▶ About this exercise:
As the answer, return precisely the lines from the one containing "Estatura: 1.85 - Saco: 38R" to the final line of the material below, inclusive, and omit every picture.

▶ Data supplied:
=======

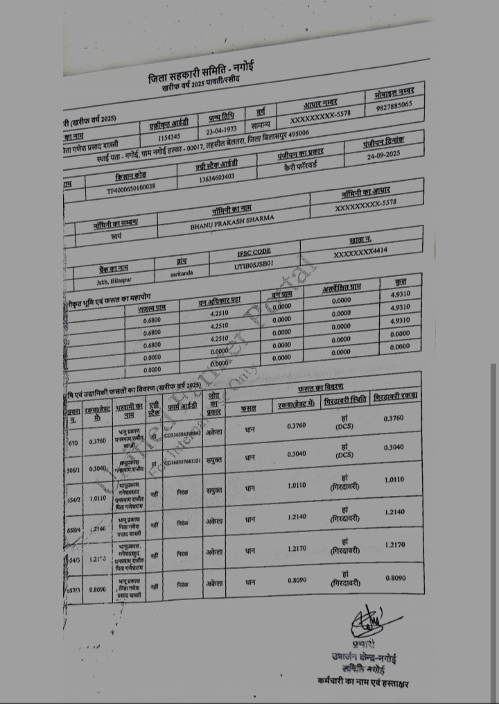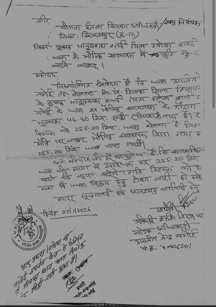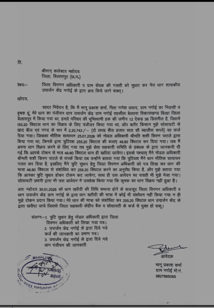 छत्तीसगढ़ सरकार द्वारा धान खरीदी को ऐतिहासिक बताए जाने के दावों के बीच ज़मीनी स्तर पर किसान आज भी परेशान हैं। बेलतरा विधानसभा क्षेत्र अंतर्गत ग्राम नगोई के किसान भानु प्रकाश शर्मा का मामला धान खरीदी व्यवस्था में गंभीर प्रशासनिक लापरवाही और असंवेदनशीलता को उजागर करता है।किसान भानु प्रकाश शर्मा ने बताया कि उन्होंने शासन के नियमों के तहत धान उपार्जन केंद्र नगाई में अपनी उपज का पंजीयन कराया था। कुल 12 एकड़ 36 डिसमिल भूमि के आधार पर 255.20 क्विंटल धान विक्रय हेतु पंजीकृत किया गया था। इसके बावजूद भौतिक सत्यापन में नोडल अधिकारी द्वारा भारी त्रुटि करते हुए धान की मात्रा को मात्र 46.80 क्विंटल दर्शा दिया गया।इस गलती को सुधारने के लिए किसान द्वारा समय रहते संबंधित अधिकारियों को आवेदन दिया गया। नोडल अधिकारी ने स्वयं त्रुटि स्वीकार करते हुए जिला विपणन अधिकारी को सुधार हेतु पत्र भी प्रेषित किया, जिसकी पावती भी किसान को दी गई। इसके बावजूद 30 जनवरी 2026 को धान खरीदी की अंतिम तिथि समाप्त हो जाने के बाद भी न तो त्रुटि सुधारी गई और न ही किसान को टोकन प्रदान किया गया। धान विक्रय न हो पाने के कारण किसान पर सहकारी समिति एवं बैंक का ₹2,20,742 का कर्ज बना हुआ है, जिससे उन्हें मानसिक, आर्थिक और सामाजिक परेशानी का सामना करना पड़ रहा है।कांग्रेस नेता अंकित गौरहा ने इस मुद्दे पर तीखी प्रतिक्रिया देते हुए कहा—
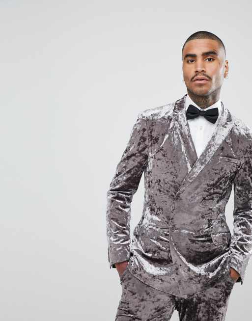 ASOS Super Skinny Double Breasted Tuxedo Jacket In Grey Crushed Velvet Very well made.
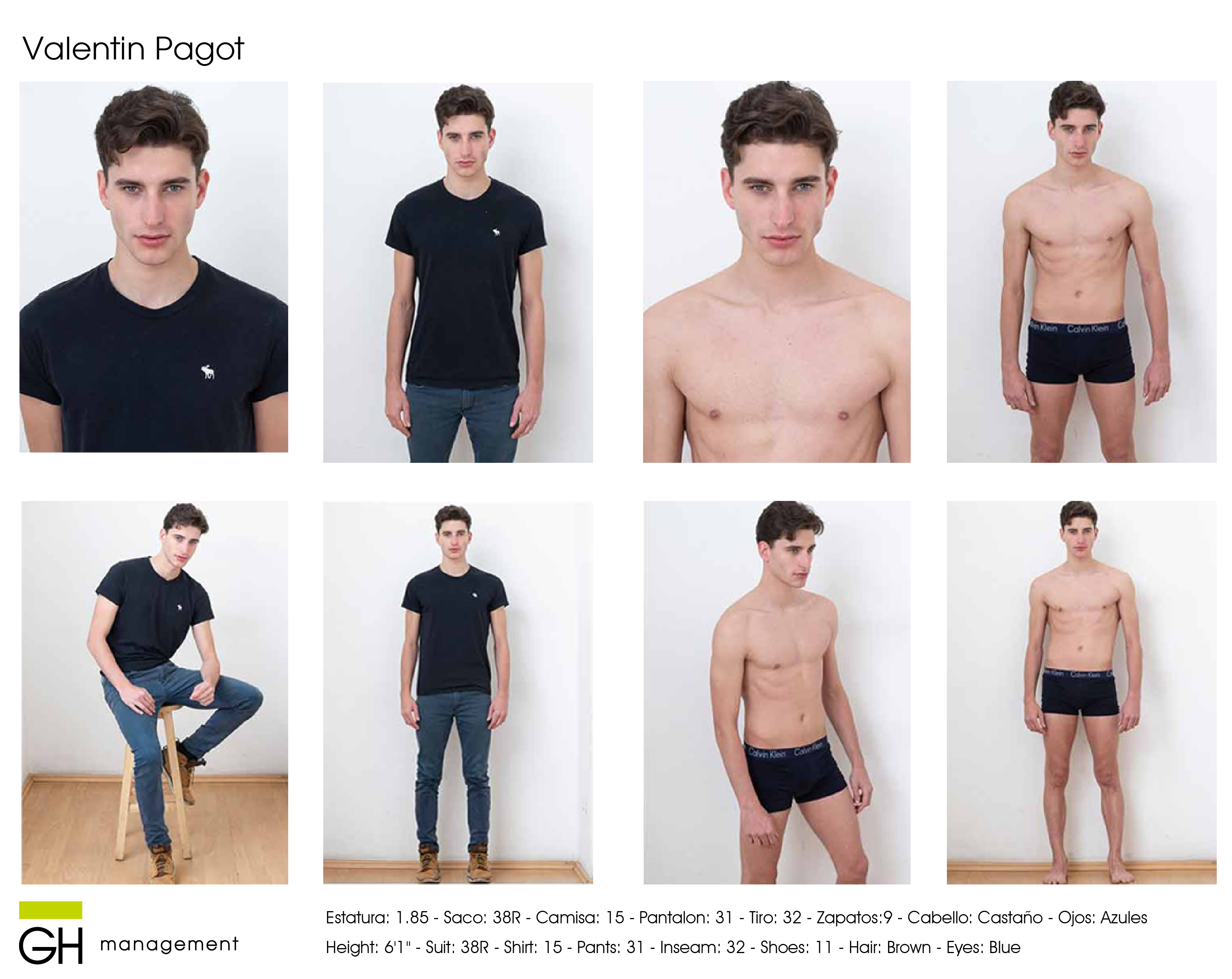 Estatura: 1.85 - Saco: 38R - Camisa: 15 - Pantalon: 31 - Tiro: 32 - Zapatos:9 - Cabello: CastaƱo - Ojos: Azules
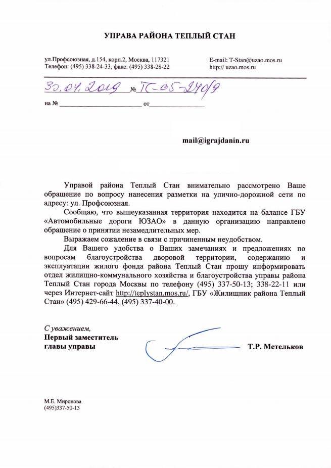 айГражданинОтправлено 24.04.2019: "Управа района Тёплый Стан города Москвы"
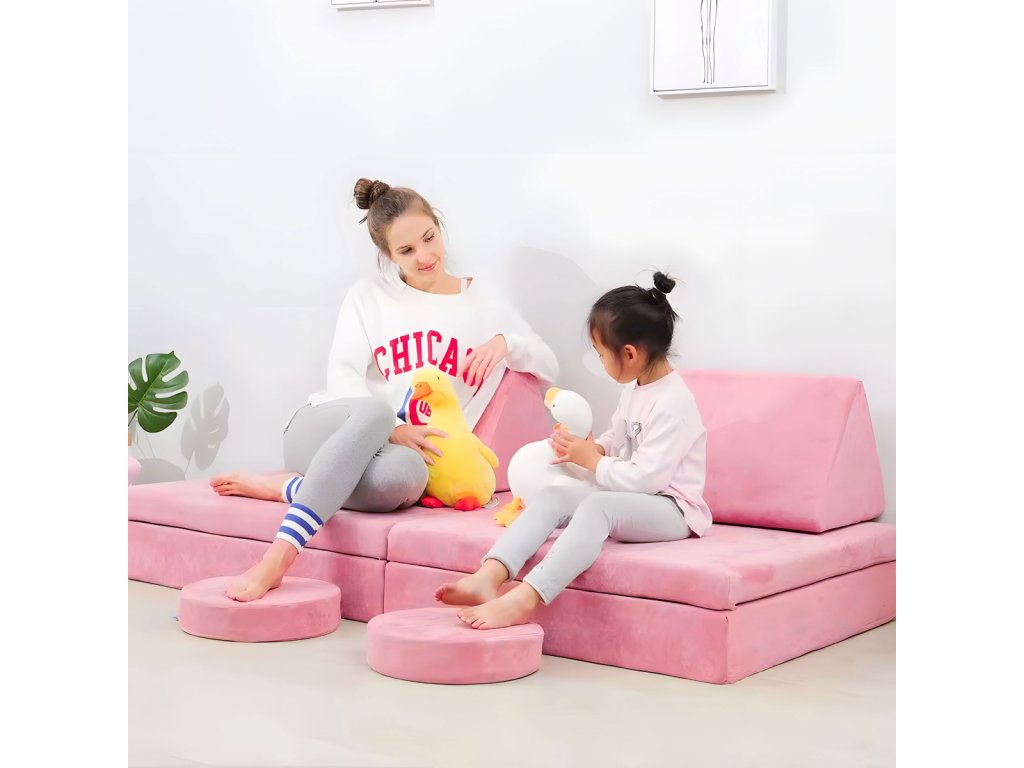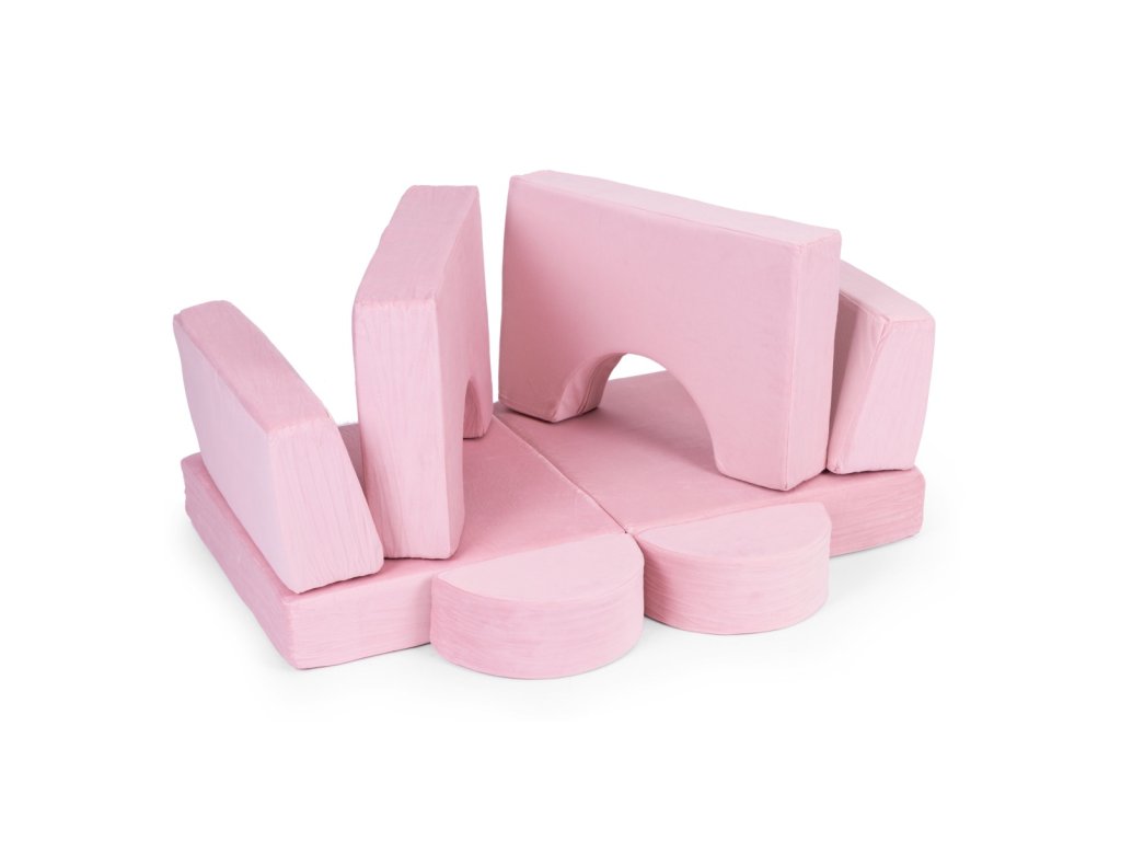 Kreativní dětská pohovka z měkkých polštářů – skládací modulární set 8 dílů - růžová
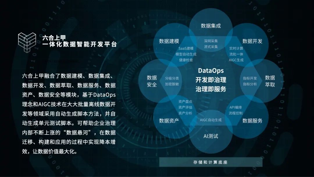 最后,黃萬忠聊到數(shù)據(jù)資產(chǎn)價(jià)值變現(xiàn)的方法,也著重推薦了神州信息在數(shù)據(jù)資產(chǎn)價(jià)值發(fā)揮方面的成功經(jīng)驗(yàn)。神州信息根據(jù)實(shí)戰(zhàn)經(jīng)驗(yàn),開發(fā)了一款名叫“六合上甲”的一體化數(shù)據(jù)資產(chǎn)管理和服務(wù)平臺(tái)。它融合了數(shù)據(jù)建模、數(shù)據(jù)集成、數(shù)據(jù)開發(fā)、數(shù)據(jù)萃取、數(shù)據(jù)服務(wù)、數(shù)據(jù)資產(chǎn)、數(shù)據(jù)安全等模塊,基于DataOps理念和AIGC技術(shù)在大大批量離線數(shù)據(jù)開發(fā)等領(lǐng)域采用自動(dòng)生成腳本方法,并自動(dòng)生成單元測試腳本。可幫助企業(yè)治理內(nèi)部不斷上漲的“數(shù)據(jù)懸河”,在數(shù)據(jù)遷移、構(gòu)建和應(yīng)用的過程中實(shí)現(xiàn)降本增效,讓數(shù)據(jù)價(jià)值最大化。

=======

▶ Written solution:
 Estatura: 1.85 - Saco: 38R - Camisa: 15 - Pantalon: 31 - Tiro: 32 - Zapatos:9 - Cabello: CastaƱo - Ojos: Azules
 айГражданинОтправлено 24.04.2019: "Управа района Тёплый Стан города Москвы"
 Kreativní dětská pohovka z měkkých polštářů – skládací modulární set 8 dílů - růžová
 最后,黃萬忠聊到數(shù)據(jù)資產(chǎn)價(jià)值變現(xiàn)的方法,也著重推薦了神州信息在數(shù)據(jù)資產(chǎn)價(jià)值發(fā)揮方面的成功經(jīng)驗(yàn)。神州信息根據(jù)實(shí)戰(zhàn)經(jīng)驗(yàn),開發(fā)了一款名叫“六合上甲”的一體化數(shù)據(jù)資產(chǎn)管理和服務(wù)平臺(tái)。它融合了數(shù)據(jù)建模、數(shù)據(jù)集成、數(shù)據(jù)開發(fā)、數(shù)據(jù)萃取、數(shù)據(jù)服務(wù)、數(shù)據(jù)資產(chǎn)、數(shù)據(jù)安全等模塊,基于DataOps理念和AIGC技術(shù)在大大批量離線數(shù)據(jù)開發(fā)等領(lǐng)域采用自動(dòng)生成腳本方法,并自動(dòng)生成單元測試腳本。可幫助企業(yè)治理內(nèi)部不斷上漲的“數(shù)據(jù)懸河”,在數(shù)據(jù)遷移、構(gòu)建和應(yīng)用的過程中實(shí)現(xiàn)降本增效,讓數(shù)據(jù)價(jià)值最大化。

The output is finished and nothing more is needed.